Today was a day of several revelations. Not about the law per se, but how things work in my classes. First was LegWri. Our prof has dedicated the next week of her office hours to meet with students one on one to discuss our memo project and to answer our questions. These little sessions come in 15 minute increments, and each person in the class gets one time slot. Today I had my appointment.

There's a commercial on ESPN where a football fan treks to the top of a mountain and finds a cave. Two sherpa-looking guys are standing outside (one of them is named Jan Darpa). They tell him that he can ask one question of the mystic gurus inside. Inside the cave are ESPN's College GameDay announcers, Fowler, Corso, and Herbstreit (Go Bucks!). The fan asks something about whether the west coast offense will revive Nebraska. Lee Corso replies: "Does a condor rise from his ashes?" The fan looks puzzled for a moment, then asks, "Do you mean a phoenix?" Instead of an answer, the sherpas shout back that he's only allowed one question. A monkey sounds a gong and the commercial's over.

Well, that's kind of what the 15 minute session was like. A few cryptic answers in a ridiculously short period of time. I did get a little more direction though, so I'm feeling a bit better about LegWri overall.

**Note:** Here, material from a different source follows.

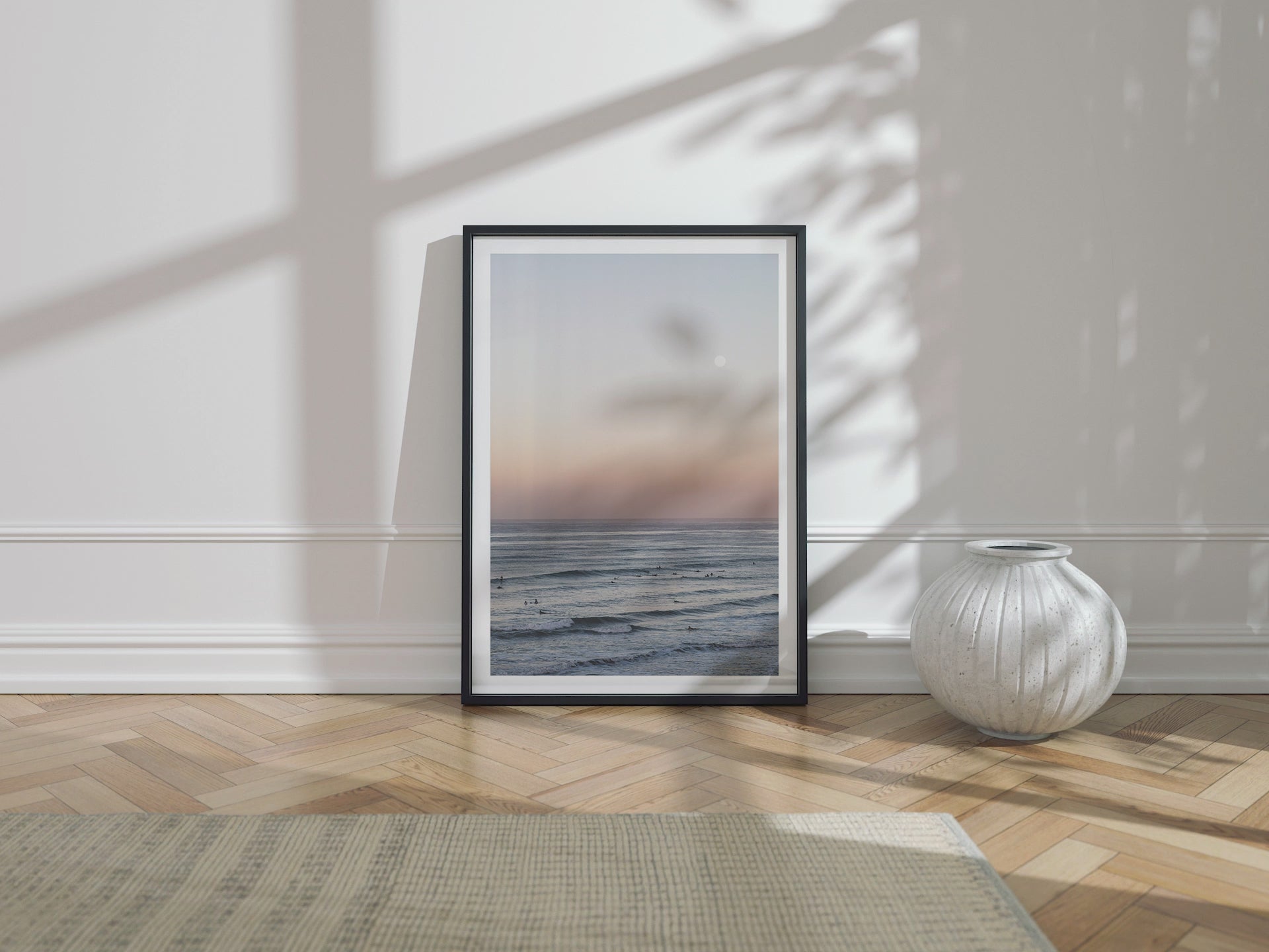 Frames: Available in black, white and natural wood finish. The images found on our product page are mockups. Each natural wood frame will differ slightly in the color and grain pattern. Each frame is handcrafted with a sheet of UV-blocking acrylic glass and comes fully assembled and ready to hang by wire on your wall.

The first memo isn't graded, so I'll just check my ego and try to learn from all the red marks I'm anticipating on my bleeding, wounded memo. At least that's the idea.

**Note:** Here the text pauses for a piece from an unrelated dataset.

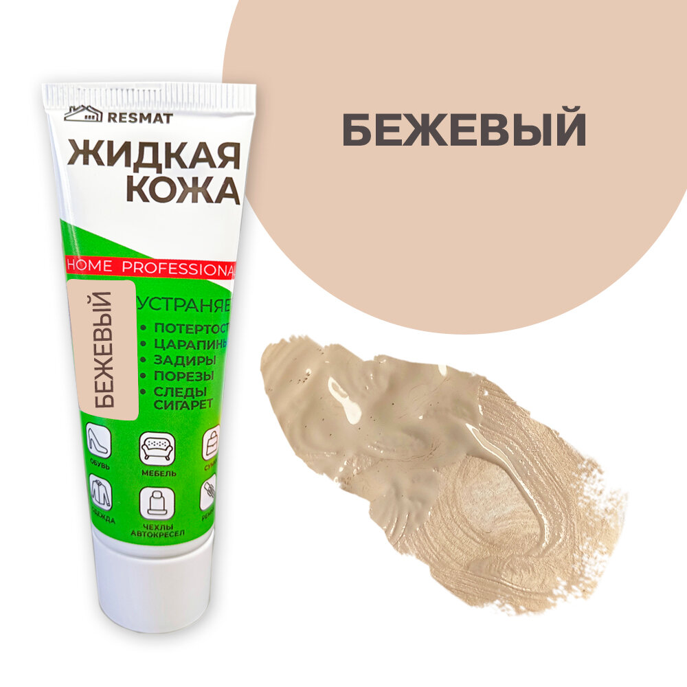 Жидкая кожа для мебели, одежды, восстановитель кожи Resmat 30 мл в тубе, миндальная

The next revelation: there are review sessions for all my substantive classes. They're taught by 2Ls who had the same professor (when possible) for the subject last year. Apparently these review sessions have been going on for a few weeks now and no one bothered to tell 95% of the class. I only found out by eavesdropping in the locker room. I immediately emailed the Director of Student Services, and when that stalled, dropped by his office. To make a long story short, I'm now in those review sessions. The one I went to today for Torts was sparsely attended, owing, I figure, to the fact that almost no one knows these things exist. I feel I'm a little bit behind in only learning of this now, but I still seem to be ahead of the curve.